- [Requirement]:
Pictures excluded, reproduce exactly the lines below from the one with "Valentines in chalkboard" through the one with "ECCO Biom 2.0", both included.

- [Material provided]:

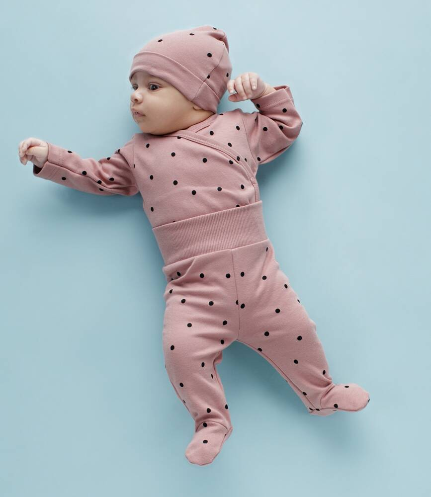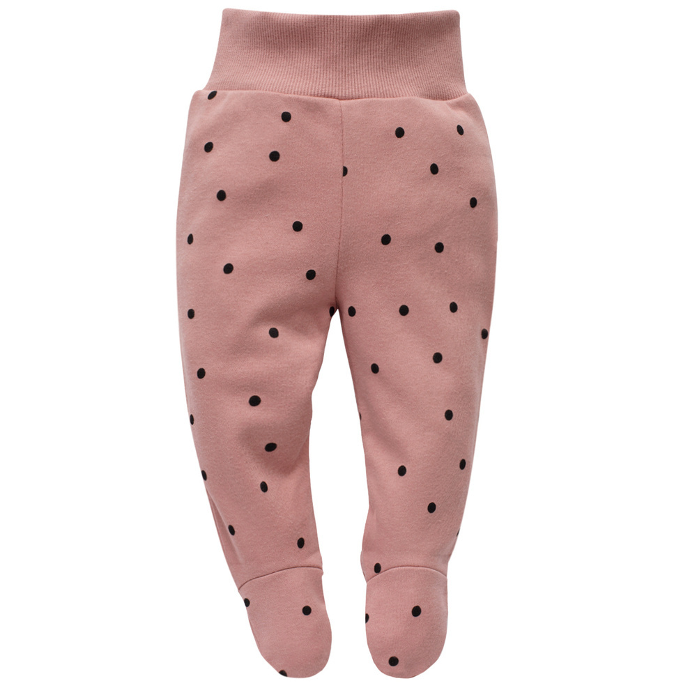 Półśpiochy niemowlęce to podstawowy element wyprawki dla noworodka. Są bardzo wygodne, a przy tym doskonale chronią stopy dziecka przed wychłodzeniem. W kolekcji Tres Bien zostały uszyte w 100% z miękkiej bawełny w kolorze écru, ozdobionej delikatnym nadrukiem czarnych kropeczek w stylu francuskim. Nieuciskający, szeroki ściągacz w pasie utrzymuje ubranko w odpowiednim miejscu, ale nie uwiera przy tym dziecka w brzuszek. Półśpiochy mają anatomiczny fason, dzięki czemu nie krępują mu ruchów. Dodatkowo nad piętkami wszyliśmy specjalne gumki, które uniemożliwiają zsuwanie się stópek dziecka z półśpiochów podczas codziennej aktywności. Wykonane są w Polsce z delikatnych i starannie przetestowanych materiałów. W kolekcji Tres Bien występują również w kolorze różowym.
--
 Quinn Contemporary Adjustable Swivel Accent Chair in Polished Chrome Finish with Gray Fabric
...
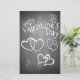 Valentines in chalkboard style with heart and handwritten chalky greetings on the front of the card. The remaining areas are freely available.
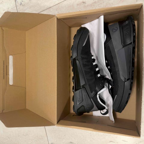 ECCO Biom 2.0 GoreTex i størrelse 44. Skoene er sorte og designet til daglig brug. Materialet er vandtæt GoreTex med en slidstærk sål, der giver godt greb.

- [Exercise output]:
 Valentines in chalkboard style with heart and handwritten chalky greetings on the front of the card. The remaining areas are freely available.
 ECCO Biom 2.0 GoreTex i størrelse 44. Skoene er sorte og designet til daglig brug. Materialet er vandtæt GoreTex med en slidstærk sål, der giver godt greb.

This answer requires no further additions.